Work required ▸
Transcribe the whole listing precisely, leaving nothing out.

Input data ▸
..........

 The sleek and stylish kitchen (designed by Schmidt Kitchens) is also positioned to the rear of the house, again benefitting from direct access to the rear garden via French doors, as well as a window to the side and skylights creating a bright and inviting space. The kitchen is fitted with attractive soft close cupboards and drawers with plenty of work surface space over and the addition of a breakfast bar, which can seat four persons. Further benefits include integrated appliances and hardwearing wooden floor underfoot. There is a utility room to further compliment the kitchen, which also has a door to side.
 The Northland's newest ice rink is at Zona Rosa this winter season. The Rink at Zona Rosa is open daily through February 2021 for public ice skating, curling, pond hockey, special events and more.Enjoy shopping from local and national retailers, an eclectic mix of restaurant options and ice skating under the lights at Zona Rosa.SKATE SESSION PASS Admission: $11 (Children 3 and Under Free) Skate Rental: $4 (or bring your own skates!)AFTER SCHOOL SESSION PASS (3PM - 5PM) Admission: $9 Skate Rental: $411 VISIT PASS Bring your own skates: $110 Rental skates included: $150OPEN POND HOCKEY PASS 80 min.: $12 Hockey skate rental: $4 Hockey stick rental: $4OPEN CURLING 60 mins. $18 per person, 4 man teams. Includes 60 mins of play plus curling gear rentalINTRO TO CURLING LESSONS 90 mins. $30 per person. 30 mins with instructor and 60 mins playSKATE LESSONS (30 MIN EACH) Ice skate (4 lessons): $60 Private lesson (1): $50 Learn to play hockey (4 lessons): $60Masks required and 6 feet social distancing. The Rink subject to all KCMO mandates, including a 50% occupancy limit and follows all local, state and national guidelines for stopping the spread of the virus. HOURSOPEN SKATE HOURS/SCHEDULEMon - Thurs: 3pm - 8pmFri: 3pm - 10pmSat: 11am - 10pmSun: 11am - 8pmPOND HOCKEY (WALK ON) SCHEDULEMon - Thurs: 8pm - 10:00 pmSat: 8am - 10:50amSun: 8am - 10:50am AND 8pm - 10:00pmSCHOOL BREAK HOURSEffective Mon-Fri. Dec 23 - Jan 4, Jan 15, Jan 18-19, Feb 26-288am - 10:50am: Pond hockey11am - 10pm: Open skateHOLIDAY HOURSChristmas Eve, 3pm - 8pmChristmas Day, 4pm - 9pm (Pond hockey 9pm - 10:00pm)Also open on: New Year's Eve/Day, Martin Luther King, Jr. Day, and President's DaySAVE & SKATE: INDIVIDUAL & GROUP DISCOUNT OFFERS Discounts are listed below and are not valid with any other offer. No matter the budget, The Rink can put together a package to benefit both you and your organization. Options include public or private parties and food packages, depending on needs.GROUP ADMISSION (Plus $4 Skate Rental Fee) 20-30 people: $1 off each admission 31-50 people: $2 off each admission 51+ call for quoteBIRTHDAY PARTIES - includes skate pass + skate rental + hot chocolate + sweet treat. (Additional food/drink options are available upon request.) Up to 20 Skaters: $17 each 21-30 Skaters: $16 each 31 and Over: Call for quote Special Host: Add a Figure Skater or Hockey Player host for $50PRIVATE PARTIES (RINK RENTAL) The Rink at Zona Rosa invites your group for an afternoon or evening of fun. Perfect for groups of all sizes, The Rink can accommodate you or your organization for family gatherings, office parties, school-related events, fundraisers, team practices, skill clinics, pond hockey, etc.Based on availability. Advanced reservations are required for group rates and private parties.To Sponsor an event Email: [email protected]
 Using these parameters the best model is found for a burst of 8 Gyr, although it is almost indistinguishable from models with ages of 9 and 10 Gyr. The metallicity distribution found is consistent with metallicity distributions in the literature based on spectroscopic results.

..........

Output below ▸
 The sleek and stylish kitchen (designed by Schmidt Kitchens) is also positioned to the rear of the house, again benefitting from direct access to the rear garden via French doors, as well as a window to the side and skylights creating a bright and inviting space. The kitchen is fitted with attractive soft close cupboards and drawers with plenty of work surface space over and the addition of a breakfast bar, which can seat four persons. Further benefits include integrated appliances and hardwearing wooden floor underfoot. There is a utility room to further compliment the kitchen, which also has a door to side.
 The Northland's newest ice rink is at Zona Rosa this winter season. The Rink at Zona Rosa is open daily through February 2021 for public ice skating, curling, pond hockey, special events and more.Enjoy shopping from local and national retailers, an eclectic mix of restaurant options and ice skating under the lights at Zona Rosa.SKATE SESSION PASS Admission: $11 (Children 3 and Under Free) Skate Rental: $4 (or bring your own skates!)AFTER SCHOOL SESSION PASS (3PM - 5PM) Admission: $9 Skate Rental: $411 VISIT PASS Bring your own skates: $110 Rental skates included: $150OPEN POND HOCKEY PASS 80 min.: $12 Hockey skate rental: $4 Hockey stick rental: $4OPEN CURLING 60 mins. $18 per person, 4 man teams. Includes 60 mins of play plus curling gear rentalINTRO TO CURLING LESSONS 90 mins. $30 per person. 30 mins with instructor and 60 mins playSKATE LESSONS (30 MIN EACH) Ice skate (4 lessons): $60 Private lesson (1): $50 Learn to play hockey (4 lessons): $60Masks required and 6 feet social distancing. The Rink subject to all KCMO mandates, including a 50% occupancy limit and follows all local, state and national guidelines for stopping the spread of the virus. HOURSOPEN SKATE HOURS/SCHEDULEMon - Thurs: 3pm - 8pmFri: 3pm - 10pmSat: 11am - 10pmSun: 11am - 8pmPOND HOCKEY (WALK ON) SCHEDULEMon - Thurs: 8pm - 10:00 pmSat: 8am - 10:50amSun: 8am - 10:50am AND 8pm - 10:00pmSCHOOL BREAK HOURSEffective Mon-Fri. Dec 23 - Jan 4, Jan 15, Jan 18-19, Feb 26-288am - 10:50am: Pond hockey11am - 10pm: Open skateHOLIDAY HOURSChristmas Eve, 3pm - 8pmChristmas Day, 4pm - 9pm (Pond hockey 9pm - 10:00pm)Also open on: New Year's Eve/Day, Martin Luther King, Jr. Day, and President's DaySAVE & SKATE: INDIVIDUAL & GROUP DISCOUNT OFFERS Discounts are listed below and are not valid with any other offer. No matter the budget, The Rink can put together a package to benefit both you and your organization. Options include public or private parties and food packages, depending on needs.GROUP ADMISSION (Plus $4 Skate Rental Fee) 20-30 people: $1 off each admission 31-50 people: $2 off each admission 51+ call for quoteBIRTHDAY PARTIES - includes skate pass + skate rental + hot chocolate + sweet treat. (Additional food/drink options are available upon request.) Up to 20 Skaters: $17 each 21-30 Skaters: $16 each 31 and Over: Call for quote Special Host: Add a Figure Skater or Hockey Player host for $50PRIVATE PARTIES (RINK RENTAL) The Rink at Zona Rosa invites your group for an afternoon or evening of fun. Perfect for groups of all sizes, The Rink can accommodate you or your organization for family gatherings, office parties, school-related events, fundraisers, team practices, skill clinics, pond hockey, etc.Based on availability. Advanced reservations are required for group rates and private parties.To Sponsor an event Email: [email protected]
 Using these parameters the best model is found for a burst of 8 Gyr, although it is almost indistinguishable from models with ages of 9 and 10 Gyr. The metallicity distribution found is consistent with metallicity distributions in the literature based on spectroscopic results.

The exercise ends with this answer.